The results of the study should be considered in light of some limitations. Although our sample consisted of a large number of nonmusicians, amateur musicians, and professional musicians spanning different age groups, it was predominantly young and highly educated from Western countries, which may limit the generalizability of the findings to the broader population.

Furthermore, the order of the two reproduction methods introduces a potential limitation. Participants first tapped the tempo and then adjusted the speed of the audio file based on their initial tapping tempo. This sequential order may have influenced the observed accuracy differences between the two methods due to an anchoring effect, where the initial tapped tempo acts as a reference point for subsequent adjustments. Therefore, it remains uncertain if the accuracy of tempo adjustment would have differed with random starting tempos of the audio files. Future research should thus consider the randomization of different reproduction methods for eliminating possible confounding effects.

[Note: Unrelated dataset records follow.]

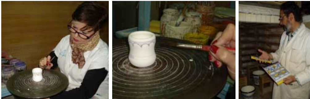
Görsel 12. Fırça ile mayolika dekorlarının yapılması

Daha sonra bu desenler ince olarak sulandırılmış mayolika boya ile özel fırçalar kullanılarak uygulanır. Mayolika dekor uygulaması son derece ustalık ve beceri isteyen bir yöntemdir. Dekor uygulaması biten ürünler yaklaşık 980°C'de pişirilerek ürünlerin aynı zamanda dekor pişirimi ile birlikte sır pişirimi de gerçekleştirilmiş olur.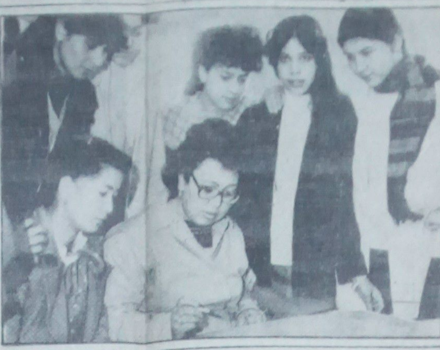
مجلسه عهده بر حلقه کونونی تکامل جنبش زن در کشور

در چند روز آینده هم آب آشامیدنی صحنی در دل‌ها جاری میشود و هم برق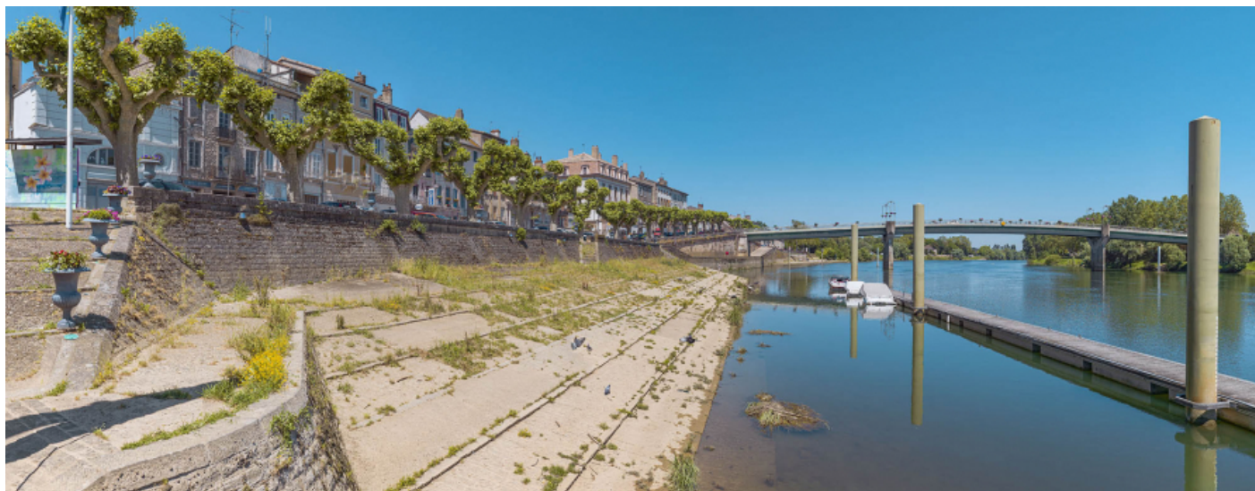
La partie amont des quais à gradins.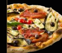
VEGGIE 13,90 €

Sauce tomate, mozzarella, champignons frais, jambon, artichauts, olives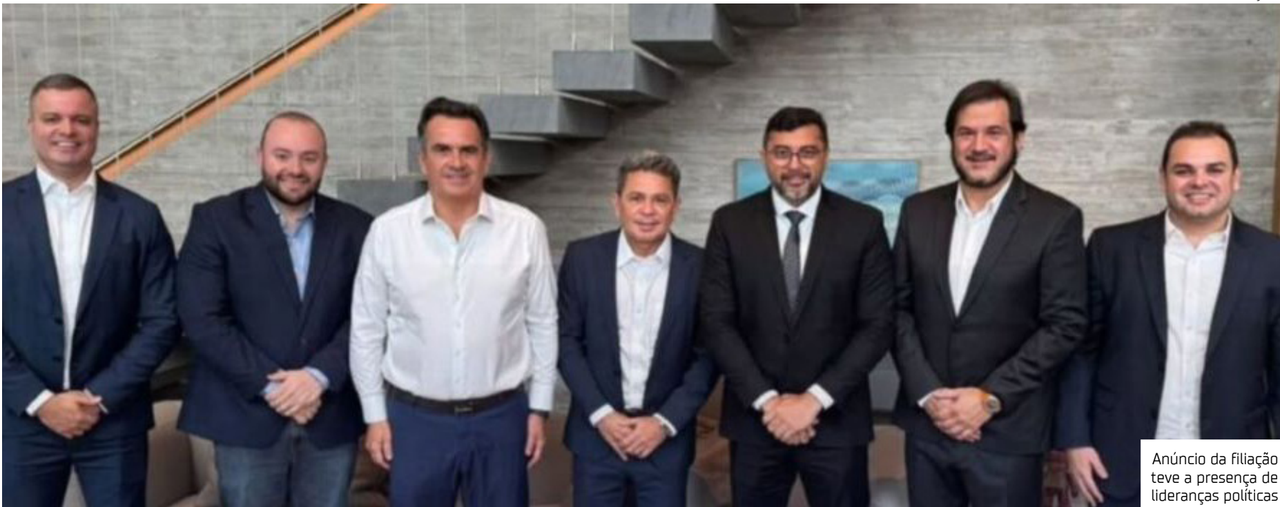
Anúncio da filiação teve a presença de lideranças políticas

A filiação integra a estratégia política para a disputa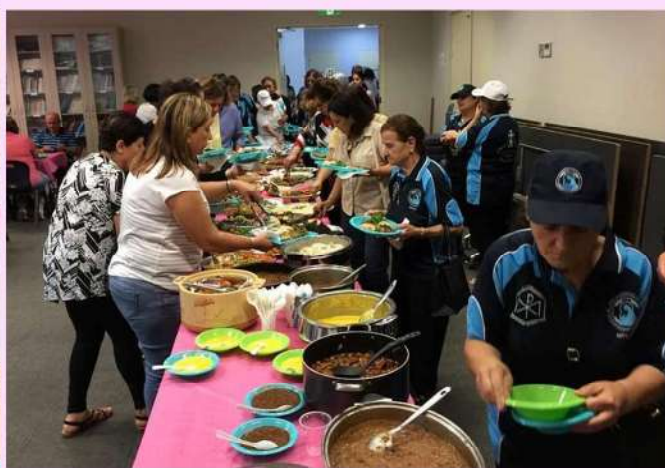
Lenten Lunch organised by The Sodality of The Immaculate Conception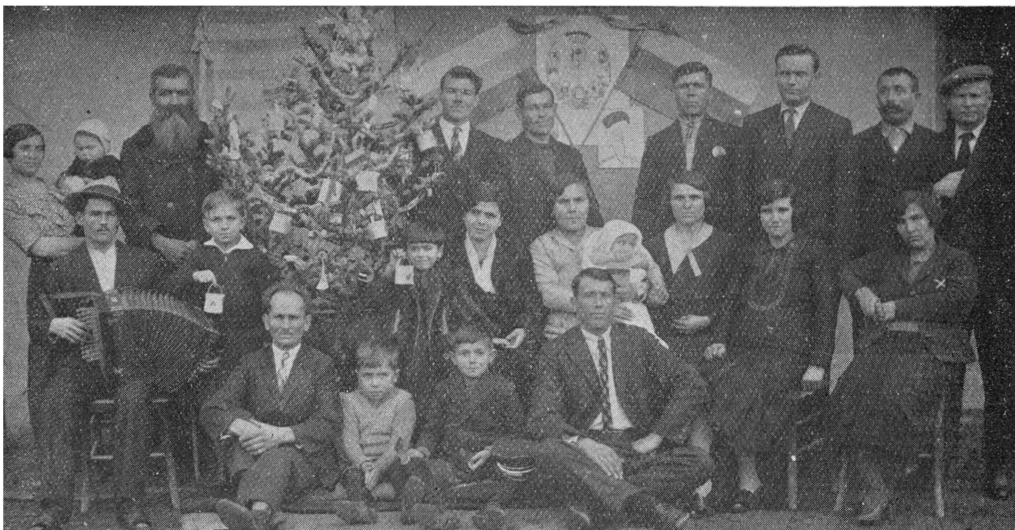
Казачья елка для детей Лесковецкого ВК имени атамана Ермака хутора

ятное предано забвению. Незаметно пролетело время до 2-х часов ночи, когда нужно было покинуть тот милый, уютный уголок. Поблагодарив хозяина и устроителей, гости начали расходиться, унося с собой самые лучшие впечатления.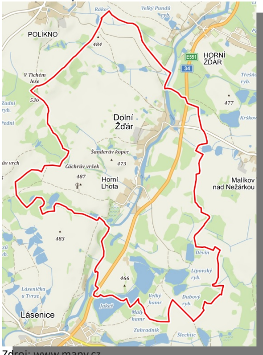
Obrázek 1 Mapa obce Dolní Žďár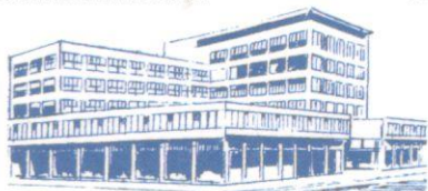
Všeobecný penzijní ústav

Začátek hospodářské krize v ČSR (vrchol na jaře 1933) 1930 Začala mostecká stávka 23.3.1932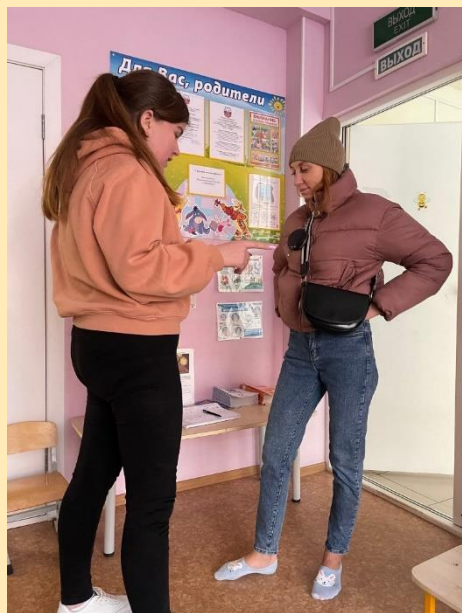
Консультация на тему «Сказки К.И. Чуковского – помощники в воспитании и развитии дошкольников»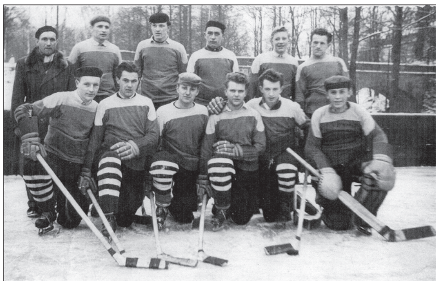
PRVNÍ HOKEJOVÉ MUŽSTVO TJ SOKOL VERMĚŘOVICE 1954 - 1955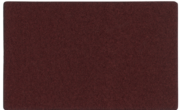
▲ 1 (マロンエンジ)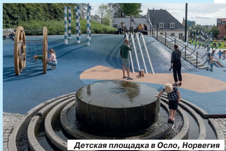
Детская площадка в Осло, Норвегия

In addition, the selection of songs focused on popular pop and rock songs known to the target population with simple 4/4 time signatures. While the selected genre facilitated the availability of original versions with fixed tempos and clear metrical levels of perceived tempo (McKinney & Moelants, 2006), it restricts the generalizability of the results to other genres or more complex time signatures. It is worth noting that the contemporary trend of accelerating songs on platforms like TikTok (e.g., Mullen, 2023) were not accounted for, which could lead to uncontrolled variations in known song tempos. Replicating the findings with previously unknown musical snippets would therefore be necessary to address the limitation.

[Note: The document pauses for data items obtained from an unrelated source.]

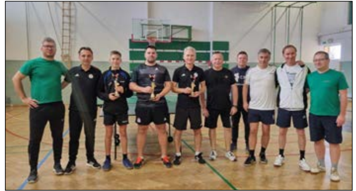
Tekmovanje v tenisu (pari) in letošnji zmagovalci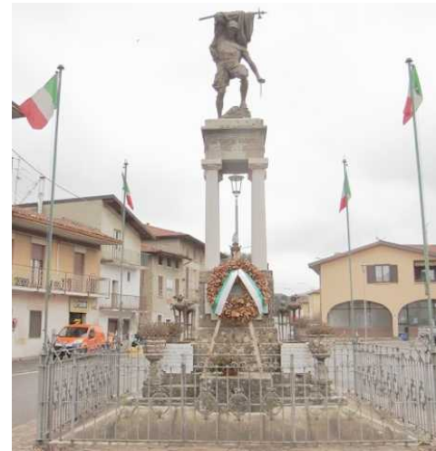
Il Monumento ai Caduti

Prima di chiudere la camminata si transiterà accanto al Monumento ai Caduti edificato nel 1923 in Piazza Vittorio Emanuele II, un tempo Contrada della Piazza.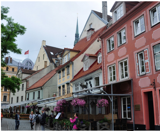
老城广场上的游客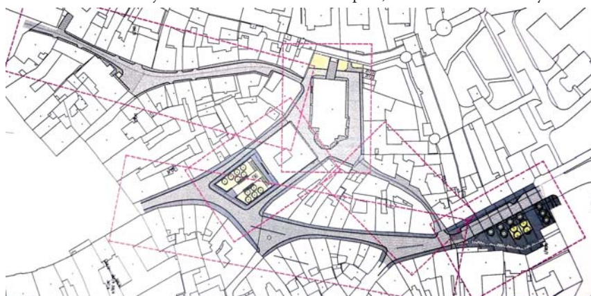
■ Vymezení celé lokality určené k regeneraci.

Divišova náměstí (kromě parkových úprav) a ústí náměstí Svobody.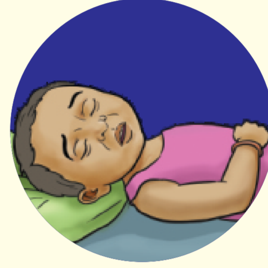
सुस्ती किंवा हालचाल न करणे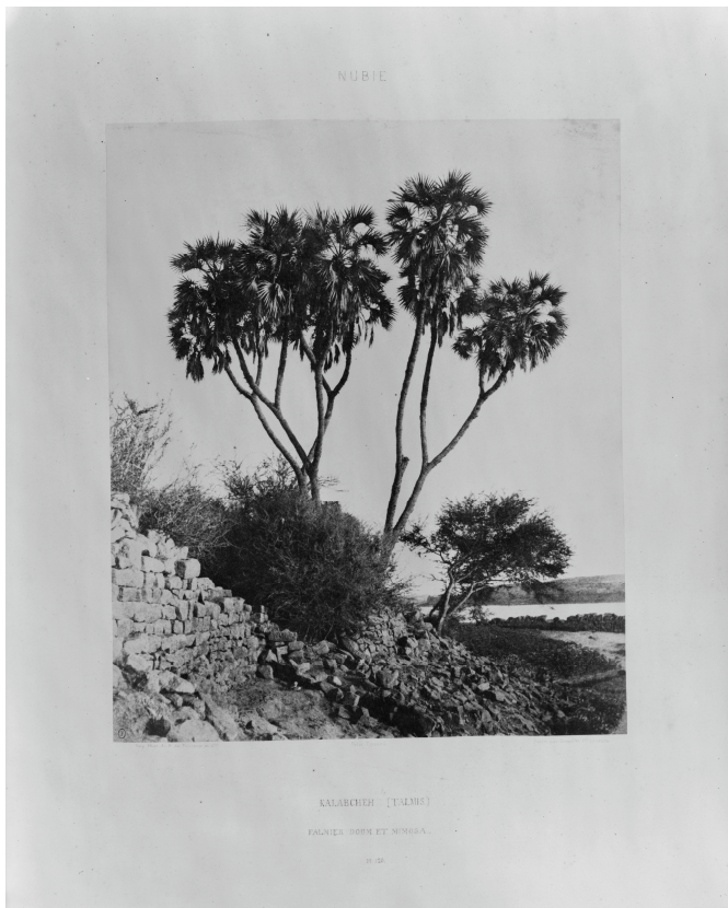
Kalabcheh (Talmis) – palmier doum et mimosa – Pl. 120 / Félix Teynard / Imp. Phot. de H. de Fonteny / Publié par Goupil et Cie éditeurs . (30,6 x 25,5 cm)

sensible , peut-être ethnographique et botanique . Au-delà des ruines antiques, il s'intéresse aux villages, à la végétation et aux paysages.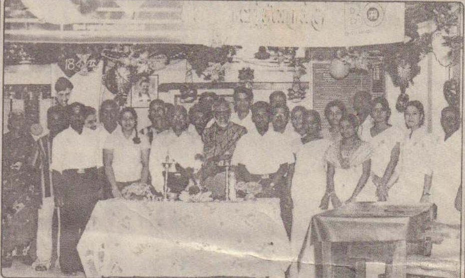
இலங்கை வங்கி, காங்கேசன்துறை கிளையில் புதுவருட தினத்தன்று கடமைகளை ஆரம்பிக்கும் நிகழ்வில் எடுக்கப்பட்ட படங்கள்.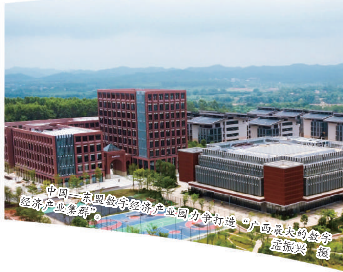
中国—东盟数字经济产业园力争打造“广西最大的数字经济产业集群”。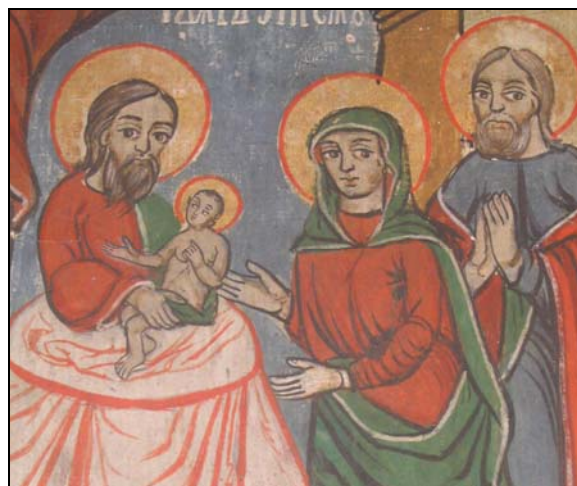
Icoană de pe iconostas

Pe iconostas, deasupra icoanelor împărătești, dar la dimensiuni mici, se află, la primul nivel icoane reprezentând diverse scene biblice: „Nașterea Preceștii”, „Prezentarea Mariei la templu”, „Nașterea lui Iisus”, „Botezul lui Iisus”, „Tăierea împrejur”, „Bunavestire”, „Duminica Florilor”, „Învierea lui Isus”, „Înălțarea lui Iisus”, „Pogorârea Duhului Sfânt”, „Sfânta Treime”, „Schimbarea la față”, „Adormirea Maicii Domnului”.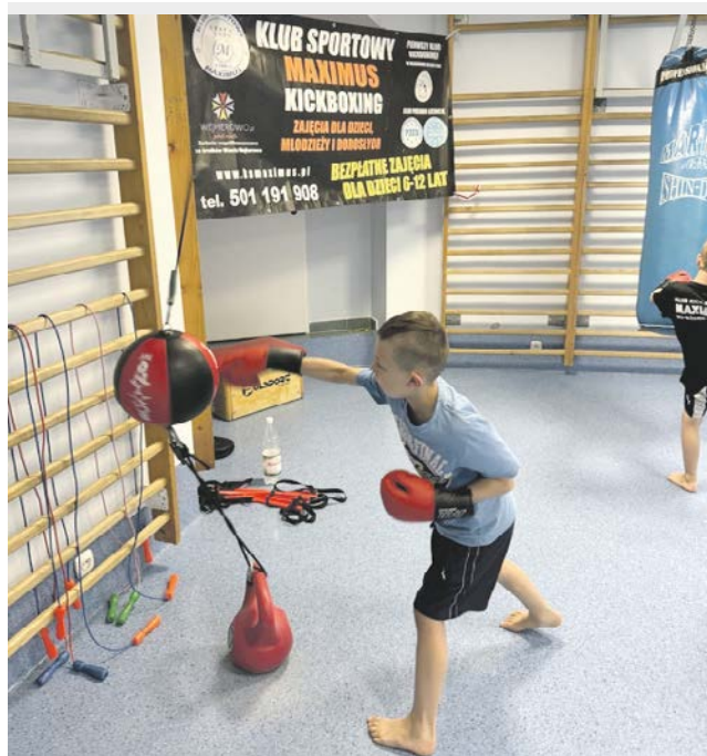
fol. UM Wejherowo

Zajęcia są bezpłatne dla dzieci z Wejherowa. Szkolenie i zajęcia sportowo-rekreacyjne dzieci i młodzieży dofinansowane jest z budżetu Miasta Wejherowa w ramach dotacji udzielanych organizacjom pozarządowym. Zajęcia ogólnorozwojowe z technikami kickboxingu, judo i samoobrony dla dzieci od 6 do lat 12 będą odbywały się w poniedziałki w godz. 18.00-19.00 i środy 17.00-18.00. Zajęcia młodzieży i dorosłych - grupa początkująca i zawodnicza - zaplanowane są na poniedziałki i środy

Lastly, although the study included several factors that could influence tempo memory, such as musical expertise, mood, alertness, accompanying strategies, and familiarity and liking of the songs, there may be other relevant predictors that were not considered. For instance, music aptitude, reflecting innate talent rather than musical training, or physical factors like resting heart rate (Cellini et al., 2015) could be valuable additions in future studies.

Conclusion

In summary, our study provides insights into the factors influencing the accuracy of musical tempo memory. We observed overall high precision in musical tempo memory, with participants achieving greater accuracy when adjusting the audio file compared with tapping. This highlights the importance of sensory integration in tempo perception. Moreover, higher musical expertise was associated with increased accuracy in both methods of tempo production, with a stronger effect on tapping, indicating a specific advantage for musically trained individuals. Notably, we found a quadratic effect for the reference tempo, with the greatest precision in reproducing tempos around 120 bpm. Additionally, gender, age, familiarity with the pieces, and accompaniment strategies were found to influence accuracy. Our findings therefore also contribute to an enhanced understanding of general (tempo) memory and cognitive processes. Further research is needed to identify possible additional predictors and to determine whether the advantage observed in musicians is specific to music or also applies to non-musical time or duration information.